Cell proliferation. Results obtained by the MTT assay were confirmed by inspecting the fibroblast proliferation by fluorescence microscopy staining. Fig. 9 presents images of fibroblasts stained with rhodamine B at an incubation time of 48 h. The images reveal dense populations of living fibroblasts in contact with the matrix ColGG and composites containing MOFs.

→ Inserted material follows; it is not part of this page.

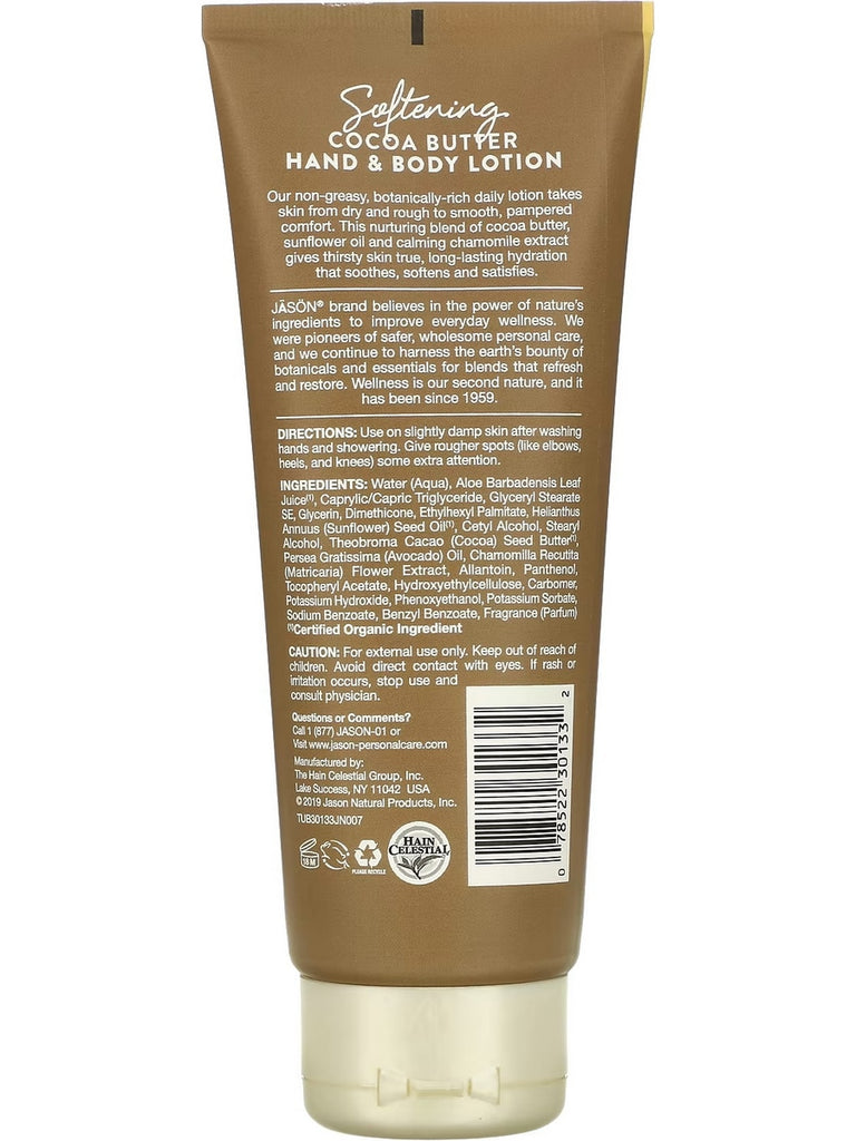 Jason Naturals, Hand and Body Lotion, Softening Cocoa Butter, 8 oz

Fig. 10 shows images of fibroblasts stained with calcein confirming that fibroblasts conserve their active breathing capacity in contact with the degradation by-products of ColGG and their composites and thus, they can deacetylate the calcein acetoxymethyl ester yielding the fluorescent green calcein label.⁵¹ Fig. 10a and d show dense fibroblast populations compared with Fig. 10b and c showing that ColGG and ColGG-Zn(Atz)(Py) stimulate better proliferation than composites containing MgMOF74 and CaMOF74. Results obtained by fluorescence microscopy and the MTT assay confirmed that ColGG and the composites containing MOFs allow the growth and proliferation of cells involved in tissue regeneration. Cell proliferation is a basic function of biological systems, where cells grow, migrate, and interrelate to generate tissues with specific functions. Ensuring that the composition of the scaffolds in the hydrogel state allows cell proliferation could be associated with success in application as dressings for wound healing. The agglomerated morphology of granular regions that Zn(Atz)(Py) MOF generates, allows fibroblasts to proliferate abundantly on this matrix. The flat regions with higher physicochemical crosslinking promoted by the hydrogen bonds that the carboxylate binders of the CaMOF74 and MgMOF74 have with the biopolymeric matrix present less release of degradation by-products, limiting cell proliferation.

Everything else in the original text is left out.